→ **What you are asked to do**
Starting at the line containing "Bodega de la" and ending at the line containing "프로모션을 잘 만난다면", print every line of the material below exactly, both ends included, and stop there.

/---

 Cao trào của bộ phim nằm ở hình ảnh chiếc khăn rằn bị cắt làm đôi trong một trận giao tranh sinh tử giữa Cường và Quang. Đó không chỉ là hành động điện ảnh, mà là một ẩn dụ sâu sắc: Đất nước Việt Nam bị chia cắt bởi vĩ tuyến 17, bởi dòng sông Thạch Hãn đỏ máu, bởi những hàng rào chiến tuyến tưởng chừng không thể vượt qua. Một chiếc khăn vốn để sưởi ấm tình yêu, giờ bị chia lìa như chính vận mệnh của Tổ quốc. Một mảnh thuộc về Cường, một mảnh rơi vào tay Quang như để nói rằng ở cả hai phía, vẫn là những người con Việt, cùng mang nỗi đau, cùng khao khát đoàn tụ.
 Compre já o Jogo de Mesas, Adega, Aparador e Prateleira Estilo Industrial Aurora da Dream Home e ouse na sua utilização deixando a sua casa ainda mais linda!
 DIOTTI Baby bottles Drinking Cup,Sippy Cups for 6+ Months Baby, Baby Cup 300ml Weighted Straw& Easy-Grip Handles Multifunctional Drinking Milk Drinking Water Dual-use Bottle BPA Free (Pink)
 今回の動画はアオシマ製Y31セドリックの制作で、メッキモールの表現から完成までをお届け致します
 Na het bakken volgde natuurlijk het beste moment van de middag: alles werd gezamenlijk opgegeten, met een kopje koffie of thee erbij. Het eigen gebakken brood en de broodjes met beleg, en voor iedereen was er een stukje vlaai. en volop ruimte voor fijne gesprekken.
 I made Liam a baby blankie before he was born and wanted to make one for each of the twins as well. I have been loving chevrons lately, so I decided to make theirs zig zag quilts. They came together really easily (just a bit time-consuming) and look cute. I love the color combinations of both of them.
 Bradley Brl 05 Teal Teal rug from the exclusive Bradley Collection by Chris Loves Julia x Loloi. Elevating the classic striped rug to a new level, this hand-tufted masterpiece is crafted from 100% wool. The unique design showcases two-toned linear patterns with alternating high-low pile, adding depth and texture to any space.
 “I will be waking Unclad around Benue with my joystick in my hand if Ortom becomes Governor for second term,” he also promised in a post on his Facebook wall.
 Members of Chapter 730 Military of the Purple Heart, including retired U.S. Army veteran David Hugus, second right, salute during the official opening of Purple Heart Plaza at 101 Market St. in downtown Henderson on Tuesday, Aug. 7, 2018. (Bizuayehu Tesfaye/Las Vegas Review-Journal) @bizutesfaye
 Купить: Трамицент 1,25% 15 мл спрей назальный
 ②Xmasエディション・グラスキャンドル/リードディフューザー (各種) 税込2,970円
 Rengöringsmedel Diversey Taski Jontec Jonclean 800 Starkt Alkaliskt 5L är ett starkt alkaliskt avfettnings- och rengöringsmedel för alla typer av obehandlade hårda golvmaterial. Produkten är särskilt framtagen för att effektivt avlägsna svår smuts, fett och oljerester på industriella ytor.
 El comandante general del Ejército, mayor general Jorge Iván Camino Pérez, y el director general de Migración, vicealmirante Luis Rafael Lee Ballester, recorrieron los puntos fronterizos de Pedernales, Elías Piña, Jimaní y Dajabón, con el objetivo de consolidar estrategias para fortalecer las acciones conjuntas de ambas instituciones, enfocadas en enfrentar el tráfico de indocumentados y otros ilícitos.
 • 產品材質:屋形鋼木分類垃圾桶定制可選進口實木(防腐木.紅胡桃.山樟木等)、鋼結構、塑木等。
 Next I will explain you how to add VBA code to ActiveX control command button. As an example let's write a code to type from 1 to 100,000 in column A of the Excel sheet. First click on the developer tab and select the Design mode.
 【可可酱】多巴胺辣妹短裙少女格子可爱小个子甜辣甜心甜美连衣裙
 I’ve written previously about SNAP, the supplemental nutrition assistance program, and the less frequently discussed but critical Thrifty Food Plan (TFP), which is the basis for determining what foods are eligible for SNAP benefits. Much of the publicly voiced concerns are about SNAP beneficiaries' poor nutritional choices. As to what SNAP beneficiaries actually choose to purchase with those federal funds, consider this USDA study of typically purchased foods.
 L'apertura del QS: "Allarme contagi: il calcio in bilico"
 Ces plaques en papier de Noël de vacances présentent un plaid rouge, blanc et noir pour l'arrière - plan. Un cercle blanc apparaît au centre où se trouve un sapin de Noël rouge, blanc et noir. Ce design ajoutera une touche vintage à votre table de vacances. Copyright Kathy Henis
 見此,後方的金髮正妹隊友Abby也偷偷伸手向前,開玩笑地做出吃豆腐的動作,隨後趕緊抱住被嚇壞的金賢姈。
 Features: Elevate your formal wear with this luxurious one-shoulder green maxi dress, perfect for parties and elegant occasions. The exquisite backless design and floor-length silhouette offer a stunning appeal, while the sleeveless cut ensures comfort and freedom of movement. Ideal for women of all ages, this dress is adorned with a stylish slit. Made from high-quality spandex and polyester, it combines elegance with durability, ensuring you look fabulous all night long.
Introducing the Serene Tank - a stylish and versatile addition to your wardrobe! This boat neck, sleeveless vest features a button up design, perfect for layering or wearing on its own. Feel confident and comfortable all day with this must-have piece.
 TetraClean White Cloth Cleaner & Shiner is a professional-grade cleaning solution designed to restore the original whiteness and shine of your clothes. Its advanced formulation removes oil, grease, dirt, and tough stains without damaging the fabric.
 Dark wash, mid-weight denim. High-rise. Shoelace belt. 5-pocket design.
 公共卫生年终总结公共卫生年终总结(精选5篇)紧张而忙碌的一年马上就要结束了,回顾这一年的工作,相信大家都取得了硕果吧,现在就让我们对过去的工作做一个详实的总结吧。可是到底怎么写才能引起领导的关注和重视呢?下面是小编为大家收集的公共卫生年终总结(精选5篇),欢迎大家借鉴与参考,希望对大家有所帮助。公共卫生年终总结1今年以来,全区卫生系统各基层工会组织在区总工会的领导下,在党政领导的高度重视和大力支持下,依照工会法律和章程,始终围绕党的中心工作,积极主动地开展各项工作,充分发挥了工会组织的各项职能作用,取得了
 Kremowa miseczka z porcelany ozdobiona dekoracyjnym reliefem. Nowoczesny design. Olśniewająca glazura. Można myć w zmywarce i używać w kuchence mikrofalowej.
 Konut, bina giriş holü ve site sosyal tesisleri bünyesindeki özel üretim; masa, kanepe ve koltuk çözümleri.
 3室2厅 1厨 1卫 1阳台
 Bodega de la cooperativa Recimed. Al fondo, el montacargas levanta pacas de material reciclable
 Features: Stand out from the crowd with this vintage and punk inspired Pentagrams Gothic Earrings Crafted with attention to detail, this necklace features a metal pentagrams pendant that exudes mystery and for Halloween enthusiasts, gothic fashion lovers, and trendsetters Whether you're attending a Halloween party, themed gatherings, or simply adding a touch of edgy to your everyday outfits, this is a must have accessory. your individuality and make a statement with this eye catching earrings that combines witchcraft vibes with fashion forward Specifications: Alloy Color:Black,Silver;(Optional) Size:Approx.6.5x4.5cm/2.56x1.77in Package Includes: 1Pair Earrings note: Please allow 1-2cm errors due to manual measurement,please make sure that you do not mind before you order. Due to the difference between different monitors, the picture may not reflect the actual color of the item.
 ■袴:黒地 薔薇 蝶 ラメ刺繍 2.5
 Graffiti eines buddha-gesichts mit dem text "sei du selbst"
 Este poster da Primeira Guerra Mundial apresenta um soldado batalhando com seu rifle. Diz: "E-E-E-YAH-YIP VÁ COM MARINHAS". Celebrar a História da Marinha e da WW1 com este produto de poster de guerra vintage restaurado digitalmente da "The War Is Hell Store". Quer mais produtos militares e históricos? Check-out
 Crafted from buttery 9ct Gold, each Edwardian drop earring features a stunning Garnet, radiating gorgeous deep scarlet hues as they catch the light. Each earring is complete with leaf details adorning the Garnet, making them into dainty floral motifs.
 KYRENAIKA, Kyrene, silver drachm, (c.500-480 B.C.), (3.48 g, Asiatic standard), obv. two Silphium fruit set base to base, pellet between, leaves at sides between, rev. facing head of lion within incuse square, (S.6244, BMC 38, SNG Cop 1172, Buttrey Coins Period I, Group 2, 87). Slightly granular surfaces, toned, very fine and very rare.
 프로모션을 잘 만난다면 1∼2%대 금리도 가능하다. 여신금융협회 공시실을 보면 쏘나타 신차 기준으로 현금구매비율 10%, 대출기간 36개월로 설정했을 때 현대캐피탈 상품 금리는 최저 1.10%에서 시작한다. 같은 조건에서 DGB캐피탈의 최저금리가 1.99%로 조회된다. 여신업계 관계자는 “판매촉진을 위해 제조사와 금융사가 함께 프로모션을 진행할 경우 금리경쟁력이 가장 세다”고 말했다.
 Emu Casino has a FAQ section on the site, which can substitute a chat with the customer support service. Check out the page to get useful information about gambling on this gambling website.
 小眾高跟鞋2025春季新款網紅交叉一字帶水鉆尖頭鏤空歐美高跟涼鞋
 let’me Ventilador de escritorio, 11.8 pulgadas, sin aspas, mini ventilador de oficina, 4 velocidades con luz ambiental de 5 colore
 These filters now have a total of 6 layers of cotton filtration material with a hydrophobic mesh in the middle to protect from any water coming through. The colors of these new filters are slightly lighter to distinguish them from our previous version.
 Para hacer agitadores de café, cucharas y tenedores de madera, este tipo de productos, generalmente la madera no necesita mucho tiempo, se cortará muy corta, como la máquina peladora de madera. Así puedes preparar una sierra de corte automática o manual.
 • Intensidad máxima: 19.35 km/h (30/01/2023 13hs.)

\---

→ **Reply**
 Bodega de la cooperativa Recimed. Al fondo, el montacargas levanta pacas de material reciclable
 Features: Stand out from the crowd with this vintage and punk inspired Pentagrams Gothic Earrings Crafted with attention to detail, this necklace features a metal pentagrams pendant that exudes mystery and for Halloween enthusiasts, gothic fashion lovers, and trendsetters Whether you're attending a Halloween party, themed gatherings, or simply adding a touch of edgy to your everyday outfits, this is a must have accessory. your individuality and make a statement with this eye catching earrings that combines witchcraft vibes with fashion forward Specifications: Alloy Color:Black,Silver;(Optional) Size:Approx.6.5x4.5cm/2.56x1.77in Package Includes: 1Pair Earrings note: Please allow 1-2cm errors due to manual measurement,please make sure that you do not mind before you order. Due to the difference between different monitors, the picture may not reflect the actual color of the item.
 ■袴:黒地 薔薇 蝶 ラメ刺繍 2.5
 Graffiti eines buddha-gesichts mit dem text "sei du selbst"
 Este poster da Primeira Guerra Mundial apresenta um soldado batalhando com seu rifle. Diz: "E-E-E-YAH-YIP VÁ COM MARINHAS". Celebrar a História da Marinha e da WW1 com este produto de poster de guerra vintage restaurado digitalmente da "The War Is Hell Store". Quer mais produtos militares e históricos? Check-out
 Crafted from buttery 9ct Gold, each Edwardian drop earring features a stunning Garnet, radiating gorgeous deep scarlet hues as they catch the light. Each earring is complete with leaf details adorning the Garnet, making them into dainty floral motifs.
 KYRENAIKA, Kyrene, silver drachm, (c.500-480 B.C.), (3.48 g, Asiatic standard), obv. two Silphium fruit set base to base, pellet between, leaves at sides between, rev. facing head of lion within incuse square, (S.6244, BMC 38, SNG Cop 1172, Buttrey Coins Period I, Group 2, 87). Slightly granular surfaces, toned, very fine and very rare.
 프로모션을 잘 만난다면 1∼2%대 금리도 가능하다. 여신금융협회 공시실을 보면 쏘나타 신차 기준으로 현금구매비율 10%, 대출기간 36개월로 설정했을 때 현대캐피탈 상품 금리는 최저 1.10%에서 시작한다. 같은 조건에서 DGB캐피탈의 최저금리가 1.99%로 조회된다. 여신업계 관계자는 “판매촉진을 위해 제조사와 금융사가 함께 프로모션을 진행할 경우 금리경쟁력이 가장 세다”고 말했다.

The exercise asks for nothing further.